In Rexdale Singh Sabha Religious Centre v. Chattha (decided in 2006), the Ontario Court of Appeal addressed the situation in which no proper procedure had ever been taken to admit members of a not-for-profit corporation after incorporation, holding that, in such a case, the members consist of the original applicants for incorporation.
Rexdale Singh Sabha Religious Centre, Akal Funeral Home and Sikh Spiritual Centre Toronto were three corporations without share capital incorporated under the Ontario Corporations Act.
Justice Van Melle made an order fixing the memberships of each charitable corporation and ordering that a meeting of members be convened for the purpose of electing new directors.
As the Court of Appeal noted, the OCA provides that, upon incorporation, each applicant becomes a director and member of the corporation. The default rule under the Corporations Act is that persons may be thereafter admitted to membership by the board of directors.
Here, however, the Court of Appeal found that no proper procedure had ever been taken to change the members of these corporations in accordance with the Act. There was a total failure to comply with the Act. The Court of Appeal did not agree with the application judge's construction of the list of members.
Accordingly, the proper directors and members of each corporation remained the applicants for incorporation of each corporation. The meeting to elect new directors was ordered to proceed on that basis.
3. Key Observations
It is difficult to quarrel with the proposition that, if no members are properly admitted to membership of a corporation after its incorporation, the original applicants for incorporation remain in place as the sole directors and members of the corporation.
However, the clarity of this result becomes obscured with the passage of time and occurrence of events. Consider, for example, a corporation that carries on for many years in the belief that its members have been validly admitted in accordance with the by-laws. Laches may enter the picture to prevent a dissenting member from successfully challenging the admission of members if the challenge is not brought on a timely basis.

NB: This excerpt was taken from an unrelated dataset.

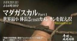 TV Asahi's science program "Miracle Earth Story" (Sundays at 6:30 PM, sponsored by Canon) will air a special Madagascar feature on January 12th to commemorate its 200th broadcast. This episode will feature the world's first ecological footage of the world's smallest chameleon, measuring approximately 2 centimeters in length.

It may be possible for a court to require the parties to go back to square one in the early life of a corporation. However, this solution becomes progressively less attractive with the passage of time and occurrence of events, such as past meeting of members that were held without challenge or challenge on a timely basis. Also, if many years have passed since incorporation, the original incorporators may no longer be alive, have legal capacity or be interested enough to take part in passing the torch of governance to new leadership.
While there is no sign of these countervailing factors in Rexdale v. Chattha, they may stand out in other cases and qualify the requirement that the corporation go back to square one in all cases where members have not been property admitted.